После разгрома союзников под Аустерлицем третьему корпусу Даву было поручено преследовать отступавшие русско-австрийские войска. Луи Николя столь решительно взялся за это дело, так энергично и настойчиво преследовал разбитую вражескую армию, что ее окончательная гибель казалась неминуемой. Тем временем, дабы избежать катастрофы, царь предложил Наполеону заключить перемирие. Император французов принял предложение российского самодержца. Когда из штаб-квартиры русской армии Даву сообщили о том, что военные действия должны быть прекращены в силу заключенного между Александром I и Наполеоном перемирия, он счел это всего лишь ловким трюком со стороны противника. «Вы хотите меня обмануть, — заявил он парламентеру; вы желаете сделать из меня дурака… Я намереваюсь окончательно разделаться с вами, и это — единственный приказ, который я получил»{310}
. Только после того, как недоверчивому маршалу была передана записка, лично написанная царем и подтверждающая факт заключения перемирия, Даву распорядился о приостановке боевых действий.По словам одного из его биографов, следствием кампании 1805 г. лично для Даву было то, что он наконец-то обрел так недостающую ему репутацию толкового военачальника, которой до той поры он явно не располагал.

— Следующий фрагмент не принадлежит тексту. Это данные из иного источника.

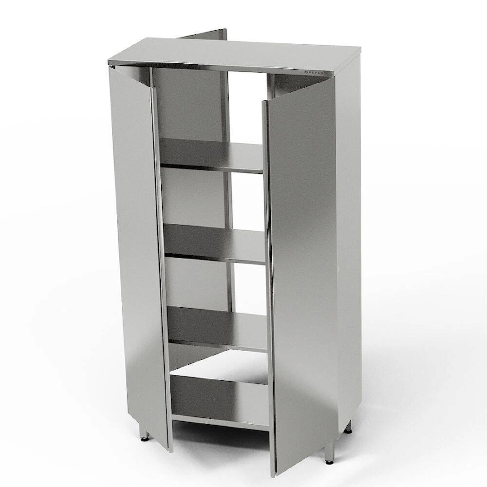 Průchozí skříň o rozměrech 90x70x200 cm z nerezové oceli J4. Skříň je vybavena 3 pólavičkami. Křídlové dveře.

Однако подлинным «звездным часом» для Даву явилась кампания 1806 г. с ее кульминацией — сражением под Ауэрштедтом, прославившим «железного маршала» и ставшим «венцом его военной славы»{311}
.В войне 1806 г. Наполеону приходится иметь дело с новым противником. На сей раз это — Пруссия. «Скрытое беспокойство, — рассказывает Талейран, — мучает Наполеона, вынужденного вновь вынуть из ножен меч. Его все еще ослепляет слава Фридриха[119]

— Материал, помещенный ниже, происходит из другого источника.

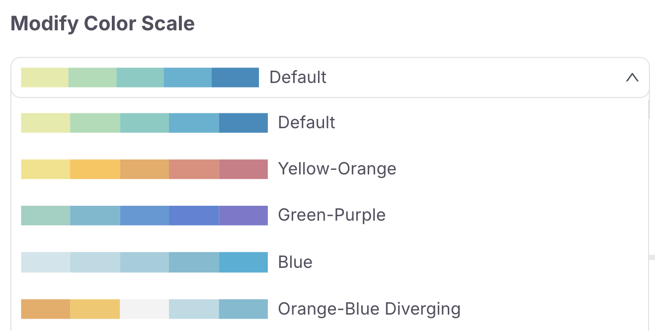 The color scale customization options allow you to visualize the map according to your personal preferences. Modify the colors of the scale by selecting from a dropdown.

, он еще никогда не воевал с прославленной армией: «Думаю, тут нам придется больше повозиться, чем с австрийцами»{312}. Действительность опровергает мрачные прогнозы императора. Начало кампании 1806 г. убедительно доказывает, что у прусской стороны, помимо внушительного «фасада» великой военной державы, за душой ровным счетом ничего нет.7 октября 1806 г. Наполеон отдал приказ «выступитьтрем колоннам, чтобы на правом берегу Заалы, в местности, расположенной между Тюрингенским лесом и Рудными горами, наступать на Лейпциг…». «Все перехваченные письма показывают, — так писал он одному из своих генералов, — что враг потерял голову. Они совещаются дни и ночи и не знают, что им делать»{313}
. Первые же стычки с пруссаками (9 и 10 октября) продемонстрировали несомненные преимущества французской армии над воинством Фридриха-Вильгельма III. «В главной квартире (прусской армии) распространился панический страх. Было решено начать сосредоточение армии назад к Веймару и Йене; главные силы должны были собраться у Веймара, войска Гогенлоэ (авангарда прусской армии) — у Йены»{314}.Пока, «скучившись, как стадо дрожащих баранов, стояла славная прусско-саксонская[120]

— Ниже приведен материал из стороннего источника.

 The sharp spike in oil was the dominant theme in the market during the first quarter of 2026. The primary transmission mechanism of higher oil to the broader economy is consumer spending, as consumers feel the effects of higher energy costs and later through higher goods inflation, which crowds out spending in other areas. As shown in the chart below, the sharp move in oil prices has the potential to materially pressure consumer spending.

действующая армия вокруг Веймара и Йены»{315}, окончательно захватившая в свои руки инициативу Великая армия перешла в решительное наступление. В этом наступлении 3-му корпусу Даву поручается важная, но все же второстепенная роль: совершив фланговый марш, выйти к Наумбургу, в тыл прусской армии. Цель этого маневра очевидна: войска 3-го корпуса должны «отрезать врагу путь отступления»{316}. По-видимому, как и в далеком Египте, Наполеон хочет предоставить Даву право нанести тот coup de grâce, который так хорошо ему удался в битве при Абукире 25 июля 1799 г.Корпус маршала Даву численностью в 27 тыс. человек[121]
был «в этот период самым сильным во всей французской армии»{317}. Его солдаты имели за своими плечами опыт участия в крупных военных операциях. Они были превосходно обучены, дисциплинированы и отлично экипированы. В канун генерального сражения, призванного решить судьбу кампании 1806 г., в своем донесении Бертье Даву следующим образом охарактеризовал состояние, в котором находились войска его 3-го корпуса: «В общем, войска извлекли пользу от этой передышки (Даву имеет в виду время после Аустерлицкого сражения, в течение которого солдаты 3-го корпуса не принимали участия в активных боевых действиях), — писал маршал, — для того, чтобы подготовиться вступить в кампанию, и должен добавить, что забота, проявленная (в этом деле) генералами и офицерами, возымела превосходное действие. Снаряжение находится в очень хорошем состоянии. Недостает лишь 15–20 штыков, которые следует заменить в течение нескольких часов. Мундиры были получены и распределены по всем полкам; войска одеты так, как если бы они находились на смотре в Париже, в присутствии императора… у каждого солдата — две пары сапог в ранце и одна — на ногах… Артиллерия ни од в чем не испытывает недостатка…»{318}.